Een voorbeeld is het recente mini-schandaal over de ‘boekrecensies’ in de Nederlandse Harper’s Bazaar. Schrijver Thomas Heerma van Voss zag een aanbeveling van zijn laatste roman die overduidelijk door een computer was geschreven – het sloeg echt helemaal nergens op, net als de omschrijving van een paar andere getipte meesterwerkjes. Vraag: waarom boeken aanraden terwijl je zelf te beroerd bent om ze zelfs maar in te zien? Is alleen het gebaar genoeg, zoals de gemanipuleerde game-score voor Elon Musk? Rosen zou hier een heel betoog afsteken over de kracht van literatuur, over empathie en verbeeldingskracht die ons meer mens maakt, maar ik zie de wezenloze gezichten op de redactie van Harper’s Bazaar al voor me.

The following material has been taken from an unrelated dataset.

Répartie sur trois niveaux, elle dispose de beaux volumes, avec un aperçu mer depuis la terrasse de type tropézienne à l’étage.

Alleen vingerwijzen naar de technologie, zoals Rosen doet, voldoet niet. Er zit ook ideologie achter, iets dat we onszelf eigen hebben gemaakt, waardoor tegenwicht bieden een stuk moeilijker is.

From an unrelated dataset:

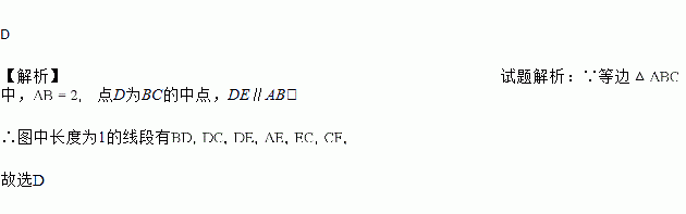 如图,在等边三角形ABC中,AB=2,点D为BC的中点,DE∥AB交AC于点E,过点E作EF⊥DE,交BC的延长线于点F,则图中长度为1的线段有( )

De Duitse socioloog Hartmut Rosa heeft het over verlies aan resonantie. Daarmee bedoelt hij de erosie van kwalitatief betekenisvolle relaties met dingen en mensen, waarin in onze „versnelde” wereld steeds minder plaats is.

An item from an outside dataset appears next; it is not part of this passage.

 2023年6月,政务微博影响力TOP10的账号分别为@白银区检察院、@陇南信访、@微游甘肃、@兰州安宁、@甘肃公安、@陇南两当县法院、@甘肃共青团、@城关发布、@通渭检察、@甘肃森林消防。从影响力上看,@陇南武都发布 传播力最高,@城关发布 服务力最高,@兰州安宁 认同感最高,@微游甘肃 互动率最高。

Ervaringen zijn „ervaringen” geworden, verzamelobjecten, die los van onszelf zijn komen te staan.

„We willen een goed leven”, zei Rosa een aantal jaren geleden in NRC, „maar we jagen alleen na wat meetbaar is.” De voorwaarden om een vervuld leven te kunnen leiden, zijn van middel tot doel geworden. Rosa: „In onze samenleving gaat het niet over wat goed leven is, maar om het verwerven van zoveel mogelijk kapitaal. Niet alleen geld, maar ook cultureel en sociaal kapitaal. En lichamelijk kapitaal, het verlangen om afgetraind en slank te zijn, er goed uit te zien. We kunnen dat kapitaal in kaart brengen en vergelijken. En de conclusie is dan dat mensen met het minste kapitaal het slechtste leven hebben.”

Dat is meteen ook een goede omschrijving van de wereld waarin Romy Mathis zich bevindt, de door Nicole Kidman gespeelde CEO van een robotbedrijf in de film Babygirl van Halina Reijn. Die film heeft vooral in ons land een enorme stroom opiniestukken losgemaakt, die vrijwel allemaal gaan over het vermeende feministische gehalte ervan, of het gebrek eraan. Samengevat: kan je een film waarin een oudere vrouw, die stijf staat van de Botox, een relatie aangaat met een knappe jonge stagiair en zich door hem laat domineren wel feministisch noemen?


Lees ook

Wie kritiek levert op het uiterlijk van Romy in Babygirl, gaat voorbij aan de vele lagen van de film

Actrice Nicole Kidman in een scène uit Babygirl. Foto AP

Bij de meeste stukken die ik las werd die onderwerping onverteerbaar gevonden, want niet in tune met het ideaal van de onafhankelijke en autonome vrouw. De teneur was dat Reijn, die ook het scenario schreef, niet leek te beseffen hoe stereotiep ze eigenlijk bezig was.

Ik ga er niet over, maar mij lijkt het bevoogdend om van een kunstenaar te eisen dat hij of zij zich voegt naar een geaccepteerd, in dit geval feministisch, sjabloon, anders ben je af. Daarbij, en dat is pijnlijker, gaat zulke kritiek wat mij betreft voorbij aan de doelbewuste inzet van de film – juist dat erotische kat-en-muisspel is waar het Reijn om begonnen is. Wie dat wegwuift als een bewijs van onbewuste achterlijkheid, of een gevalletje betreurenswaardige regressie, moet wellicht zijn eigen aannames eens tegen het licht houden.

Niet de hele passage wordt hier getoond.